Hi Krishna,
On Thu, Mar 09, 2017 at 12:03:19PM +0530, Krishna Kumar (Engineering) wrote:
> Hi Willy,
>
> We use HAProxy as a Forward Proxy (I know this is not the intended
> application for HAProxy) to access outside world from within the DC, and
> this requires setting a source port range for return traffic to reach the
> correct
> box from which a connection was established. On our production boxes, we
> see around 500 "no free ports" errors per day, but this could increase to
> about 120K errors during big sale events. The reason for this is due to
> connect getting a EADDRNOTAVAIL error, since an earlier closed socket
> may be in last-ack state, as it may take some time for the remote server to
> send the final ack.
>
> The attached patch reduces the number of errors by attempting more ports,
> if they are available.
>
> Please review, and let me know if this sounds reasonable to implement.

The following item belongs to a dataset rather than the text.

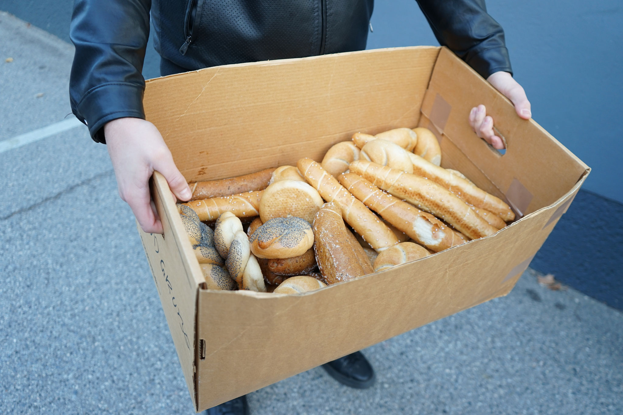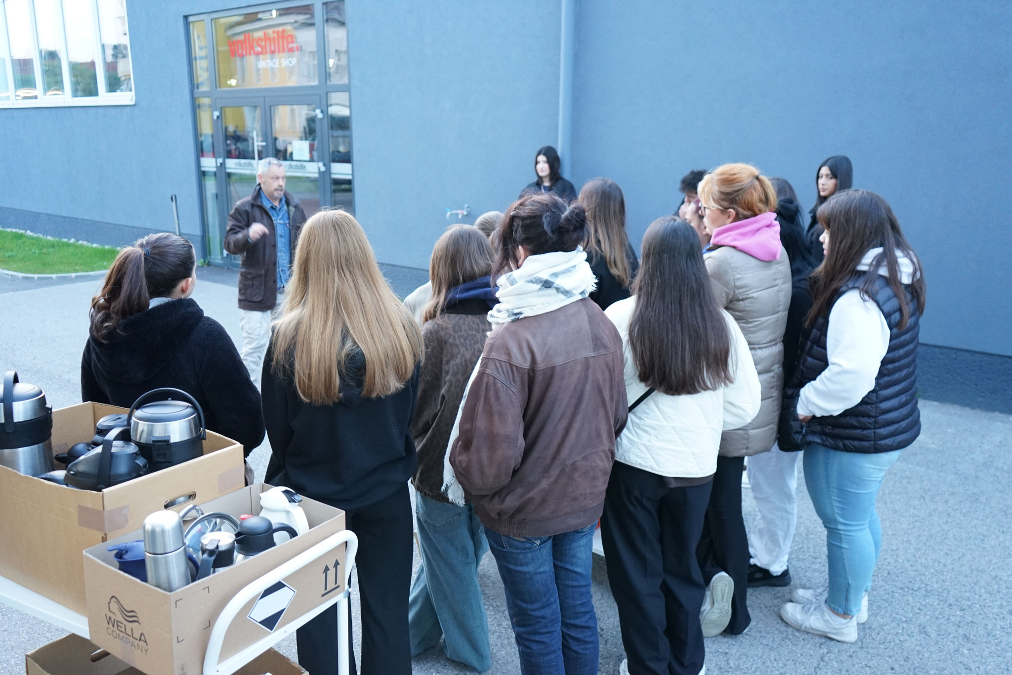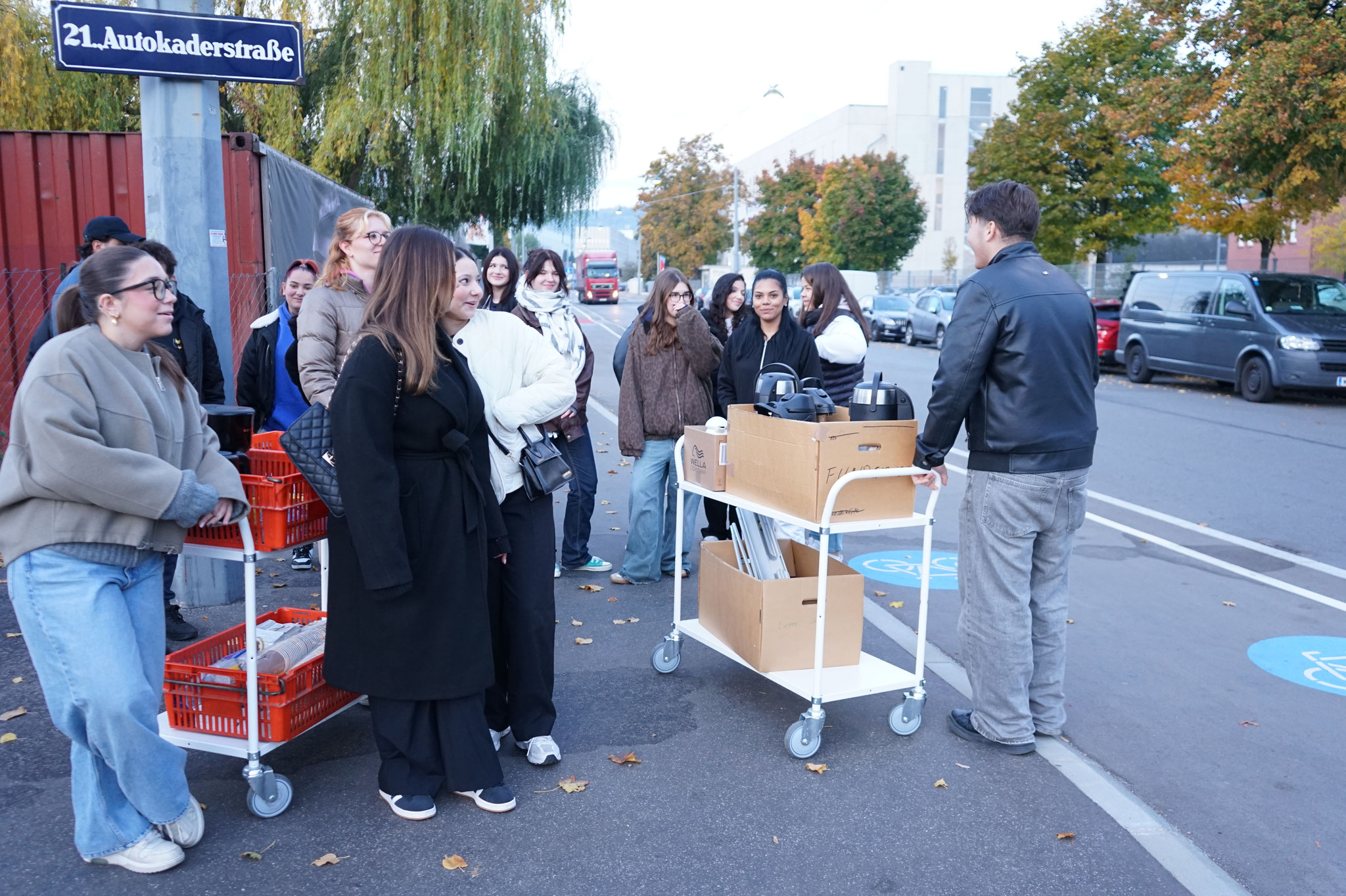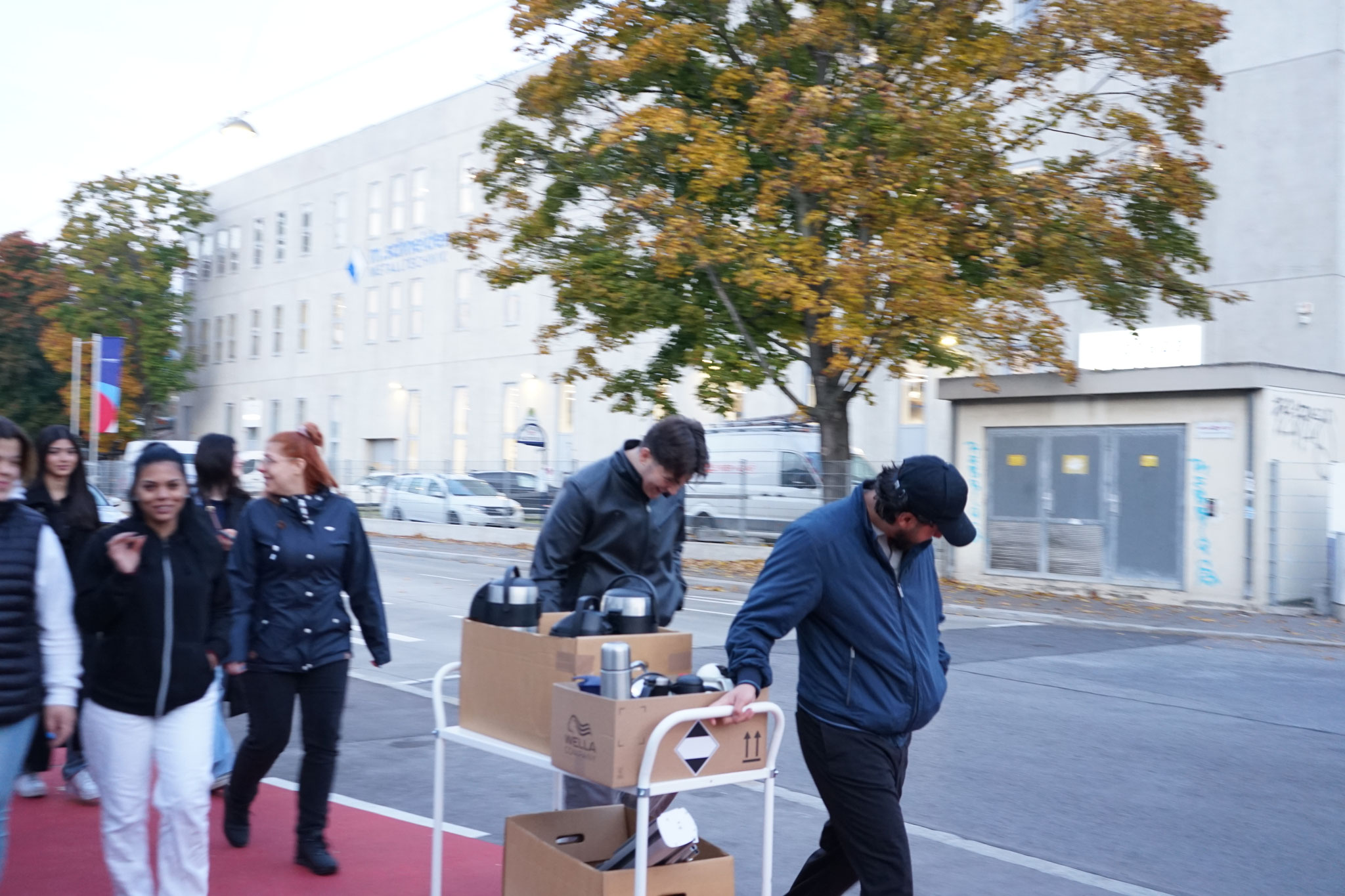 Gemeinsam beschlossen Sie zu helfen: 19 angehende Friseur*innen unterstützten die Ausgabe, schenkten Tee und Kaffee aus und verteilten Kipferl, die von der Firma Ströck gespendet wurden.
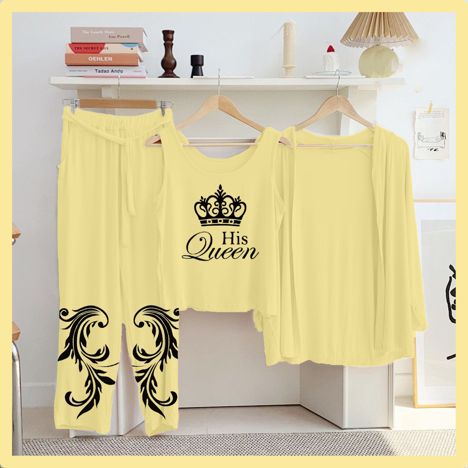 Upgrade your nightwear with our newly arrived 3-piece printed night suit in a fresh lemon color. Designed in soft jersey fabric, this set includes an inner shirt, elegant gown, and comfortable trousers — perfect for cozy nights in. Available now for Rs. 1499.

Well, while the patch looks clean I'm really not convinced it's the correct
approach. Normally you should simply be using the "retries" parameter to
increase the amount of connect retries. There's nothing wrong with setting
it to a really high value if needed. Doesn't it work in your case ?
Also a few other points :
- when the remote server sends the FIN with the last segment, your
connection ends up in CLOSE_WAIT state. Haproxy then closes as
well, sending a FIN and your socket ends up in LAST_ACK waiting
for the server to respond. You may instead ask haproxy to close
with an RST by setting "option nolinger" in the backend. The port
will then always be free locally. The side effect is that if the
RST is lost, the SYN of a new outgoing connection may get an ACK
instead of a SYN-ACK as a reply and will respond to it with an
RST and try again. This will result in all connections working,
some taking slightly longer a time (typically 1 second).
- 500 outgoing ports is a very low value. You should keep in mind
that nowadays most servers use 60 seconds FIN_WAIT/TIME_WAIT
delays (the remote server remains in FIN_WAIT1 while waiting for
your ACK, then enters TIME_WAIT when receiving your FIN). So with
only 500 ports, you can *safely* support only 500/60 = 8 connections
per second. Fortunately in practice it doesn't work like this
since most of the time connections are correctly closed. But if
you start to enter big trouble, you need to understand that you
can very quickly reach some limits. And 500 outgoing ports means
you don't expect to support more than 500 concurrent conns per
proxy, which seems quite low.
Thus normally what you're experiencing should only be dealt with
using configuration :
- increase retries setting
- possibly enable option nolinger (backend only, never on a frontend)
- try to increase the available source port ranges.
Regards,
Willy